The animal struggled beneath the cot. It worked one of its talons out and pushed it through the material.
“Um, that’s not good,” Charlotte said, shaking. “Not good at all.”
The talon began to rip the material more. With the cot flipped upside down and lying across the beast, Tobias grabbed one of the metal legs and unscrewed it as quickly as he could. The animal was thrashing now, trying desperately to get out from under the cot.
“Here!” Tobias said, handing Charlotte the cot leg. “Hit him in the head with this. I’ll hold the cot down.”
Charlotte moved to get into a better position to hit the creature while her brother struggled to keep the animal pinned to the floor. Charlotte knelt on the animal’s cot-covered body and lifted the metal leg to take a swing. As she held the leg above her, she stared at the creature’s head. It stopped moving for a second to look back at Charlotte. Its fat eyes and sad beak were a pitiful and confusing sight.
“I can’t do it,” Charlotte said.
“Here, give it to me.”
As the Eggers children attempted to switch positions, the animal got a second and then a third talon through the cot material and began to rip it to shreds. It bucked its body and lifted the cot several inches from the ground. With a quick maneuver, it pulled itself out from under the cot and stood up on its two large feet to scream.
Tobias and Charlotte were on their knees, which is a fine place to be if you’re praying but a tricky place to be if you need to run. They both scrambled to stand up as the animal bellowed.
“Run to the door!”
“It’s locked,” Charlotte reminded him.
“I can’t think of anything else!”
The children turned and moved toward the door. The animal lunged in their direction. It reached out with its right arm and swiped at Tobias’s back, ripping off a large piece of his shirt.
Before they could reach the door, it burst open and Ms. Gulp charged in. She was holding a long stick with a glowing bit of wire on the tip of it. The wire was crackling and shooting spar
ks. Behind Ms. Gulp were some orderlies in yellow lab coats, all holding sticks of their own.
“Get down!” Ms. Gulp yelled at the children. “Down!”
Tobias and Charlotte dropped to the floor as Ms. Gulp swung her stick and connected the glowing tip with the belly of the beast. The animal screamed and lurched backward. The orderlies stepped over the Eggers children with their sticks out, pushing the animal toward the window.

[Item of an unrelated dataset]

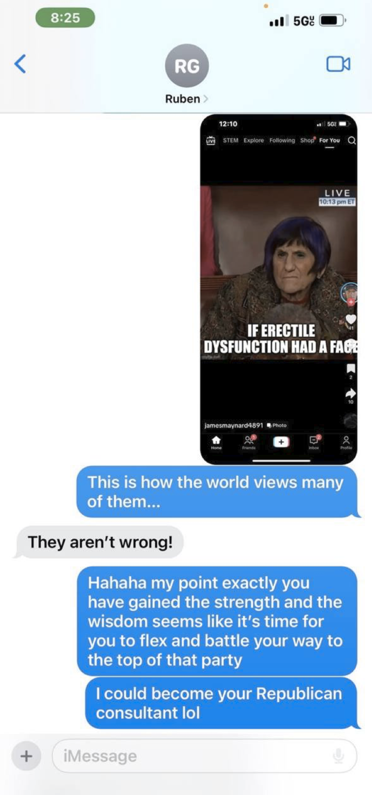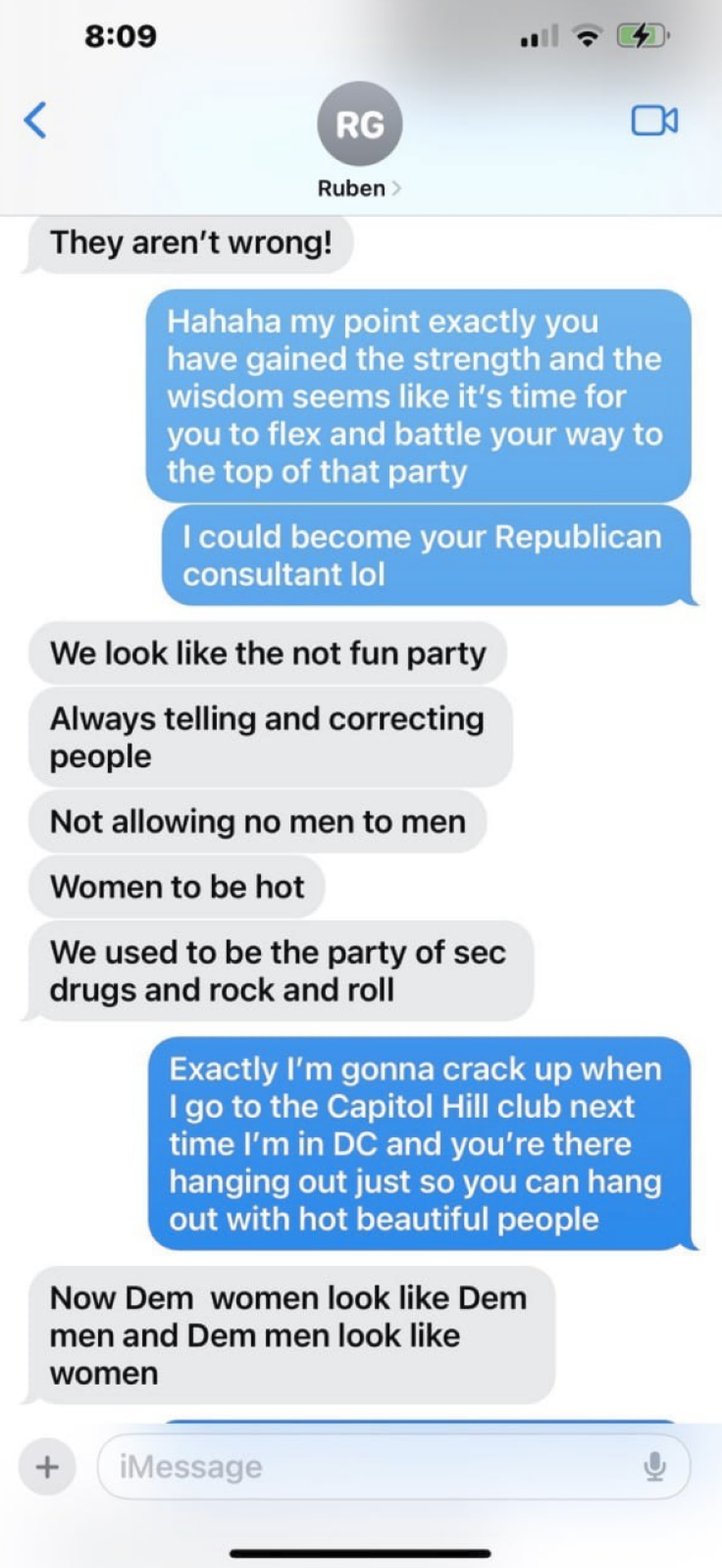 In the exchange, Gallego responds to encouragement that he could rise within his party amid ongoing political infighting. “Oh man have you met my party? I have been yelling at them this whole time,” he wrote. He would also describe the Democrats as the “not fun party,” accusing them of constantly correcting people and losing the cultural energy they used to project. “We used to be the party of sex, drugs and rock and roll,” he said.

Ms. Gulp took another hard swing and knocked the animal to its bony knees. The creature screamed. It was outnumbered and knew it. It stood up and, in one smooth move, leapt through the window and vanished almost magically into the approaching night.
Ms. Gulp stood there holding her stick like a sword. Her red hair, which was usually pulled back and tight, was a mess, her boxy body was sweating through her brown blouse, and her blue skirt was dirty and way too short for a woman of her size. She turned her square head and glanced at Tobias and Charlotte. She looked almost as disturbing as the thing she had just chased away. Ms. Gulp lowered her stick and took a deep-sounding breath.
“What just happened here?”
With the immediate threat of danger gone, the Eggers children’s brains slowed and became dull again.
“What happened?” she demanded.
“It broke in through the bars,” Tobias said.
Ms. Gulp looked toward the window. “I don’t know what’s up with the animals. They’re supposed to protect this school. For some reason, the tables have burned.”
Ms. Gulp had hurt her head in a terrible pool accident a while back. Because of the injury, she often said things wrong or got words mixed up. Nobody ever corrected her, for fear that she would berate or beat them.
“I have a feeling you two have something to do with how mad the animals are acting,” Ms. Gulp said cruelly. “Things are precarious. Let’s hope we figure it all out before it’s too late. Now, good night.”
“Is it okay to sleep with the open window?” Charlotte asked innocently.